Container health checks
Open Klant is deployed as a collection of containers. Containers can be checked if they’re running as expected, and actions can be taken by the container runtime or container orchestration (like Kubernetes and Docker) when that’s not the case, like restarting the container or removing it from the pool that serves traffic.
Health checks are responsible for detecting anomalies and reporting that a container is not running as expected. They can take different forms, for example:
running a script and checking the exit code of the process
making an HTTP request to an endpoint which responds with a success or error status code
opening a TCP connection to a particular port
This section of the documentation describes the recommended health checks to use that are provided in Open Klant, or the health checks to implement in containers of third party software typically used in an Open Klant deployment. You can incorporate these in your infrastructure code (like Helm charts).
You can find code examples of these health checks in our docker-compose.yml on Github.
Open Klant containers
HTTP service
The Open Klant web service listens on port 8000 inside the container and accepts HTTP traffic. Three endpoints are exposed for health checks.
http://localhost:8000/_healthz/livez/The liveness endpoint - checks that HTTP requests can be handled. Suitable for liveness (and readiness) probes. This is the check with lowest overhead.
http://localhost:8000/_healthz/Endpoint that checks connections with database, caches, database migration state…
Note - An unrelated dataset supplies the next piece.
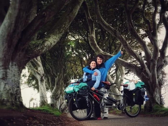 ¿Pero qué bici era la adecuada para nosotros? Nuestro Renault 4 era algo hermoso, con mucho estilo y realmente nos gustaría volver a tener algo único, algo que nos caracterice. Una noche charlando con un amigo biciletero que nos hospedo varias noches en Edimburgo surge la idea del tándem. Al principio no teníamos ni idea de que significaba eso, pero luego de ver algunas fotos en Internet, ¡Nos encanto! En ese momento decidimos que nuestro viaje seguiría a bordo de una bici tándem y a pesar de que nunca antes hayamos usado una, ya nos estamos imaginando esta nueva fase del viaje. Sabemos que es muy importante seguir estos impulsos, porque hasta ahora nunca nos han fallado. Desde el día que tomamos la decisión de viajar, todas las decisiones han sido espontaneas, impulsivas y siempre pensando en positivo, haciendo caso omiso a las negativas que nos puedan llegar a plantear, siempre intentando de cumplir nuestros sueños. Por suerte la espera no fue muy larga y luego de unos días encontramos una muy linda con cuadro de hierro en e-bay.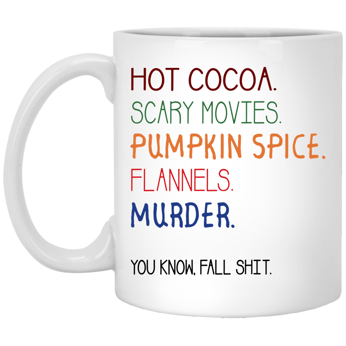 Shop Hot Cocoa Scary Movies Pumpkin Spice Flannels Murder Halloween Mug – Travel Mug – Beer Stein – Water Bottle.

Suitable for the startup probe. The most expensive check to run, as it checks all dependencies of the application.
http://localhost:8000/_healthz/readyz/The readiness endpoint - checks that requests can be handled and tests that the default cache (used by for sessions) and database connection function. Slightly more expensive than the liveness check, but it’s a good candidate for the readiness probe.
Tip
Ensure the ALLOWED_HOSTS environment variable contains localhost. See
Environment configuration reference for more details.
Tip
The executable maykin-common is available in the container which can be
used to perform the health checks, as an alternative to HTTP probes.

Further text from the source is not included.